A final dataset was compiled comprising the original source sequence, the GAN-projected sequence (without degradation), and 48 degraded sequences resulting from the four algorithms applied across twelve variants. In total, the study includes 4 algorithms × 12 sequences × 200 frames, providing a granular view of the machine’s cognitive unraveling. A summary table showcases the degradation of a single reference frame—frame 00033—across all permutations.

This empirical research reveals both the vulnerabilities and surprising robustness of deep generative models. It contributes not only to De Wilde’s artistic narrative but also to the broader discourse on AI interpretability, robustness, and failure modes. The destruction of neural networks is thus not simply an act of aesthetic experimentation—it is also a philosophical inquiry into the foundations of synthetic cognition.

• John McCarthy (1927-2011), American computer scientist and founder of the term Artificial Intelligence (AI), described the term as follows: “The science and engineering of making intelligent machines, especially intelligent computer programs.” Artificial (made by people) Intelligence (the power of thinking) is the study of machines that can feel, make decisions and act like humans.
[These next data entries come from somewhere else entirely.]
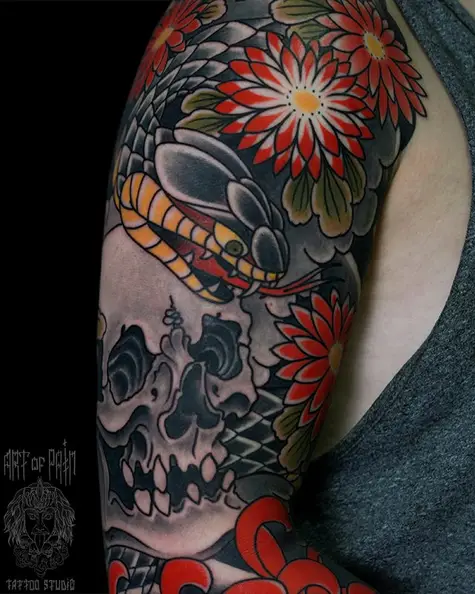 Татуировка мужская япония на плече череп, змея и красные цветы 4851
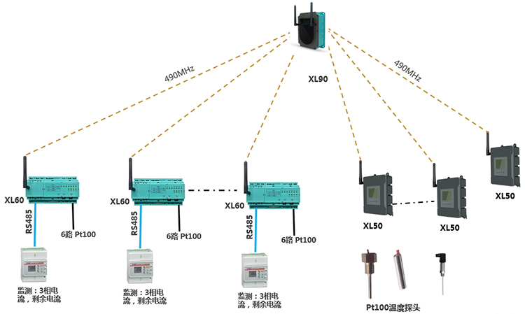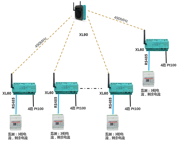 配置1臺(tái)XL60智能采集裝置,通過AI模塊采集4只溫度探頭信號(hào),通過RS485讀取電氣監(jiān)測(cè)儀表數(shù)據(jù);XL60通過無(wú)線上傳采集的電氣、溫度數(shù)據(jù)至XL90物聯(lián)網(wǎng)關(guān)
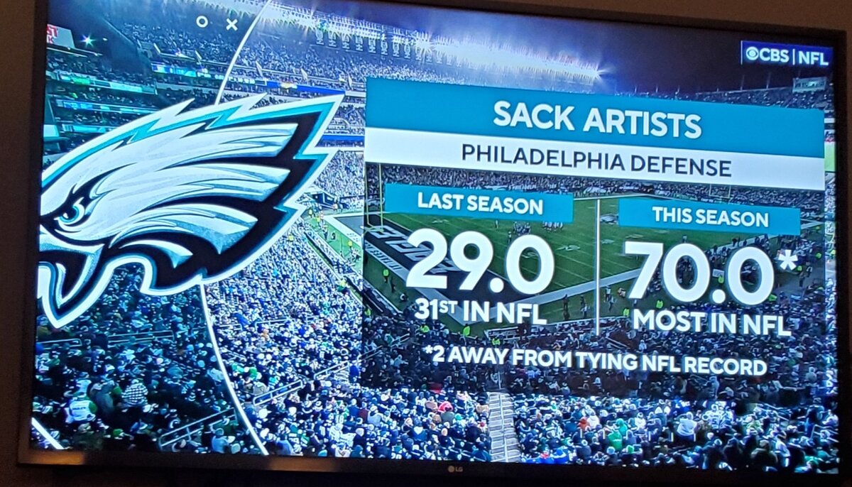 December 27, 20222 yr Heading into Week 17 of the 103rd season of the National Football League (NFL). Philadelphia Eagles (13-2) in a disappointing loss to the Dallas Cowboys on the road the Eagles Defense gave up 442 total yards & 40 points. However Eagles now host the NO Saints (6-9) in a must win (mainly for a better draft pick). Besides winning the 1st overall seed with a victory the Eagles could set some records if the Eagles destroy the Saints this Sunday. Sacks Interceptions Forced Fumbles

They are able to acquire knowledge and skills, to understand changing situations and know how to deal with them.
• Machine Learning is an efficient way to give an algorithm the necessary tools to learn something. An example of Machine Learning is Facial Recognition. Here, faces are assembled by Generative Adversarial Networks (GANs), a type of neural network that learns from existing photos to produce, for instance, new realistic yet purely fictional faces. The interconnected neurons of the technological network determine the features: the eye color, skin color, shapes, hair color… in the same way that a human brain uses a network of neurons to construct a mental image of a face.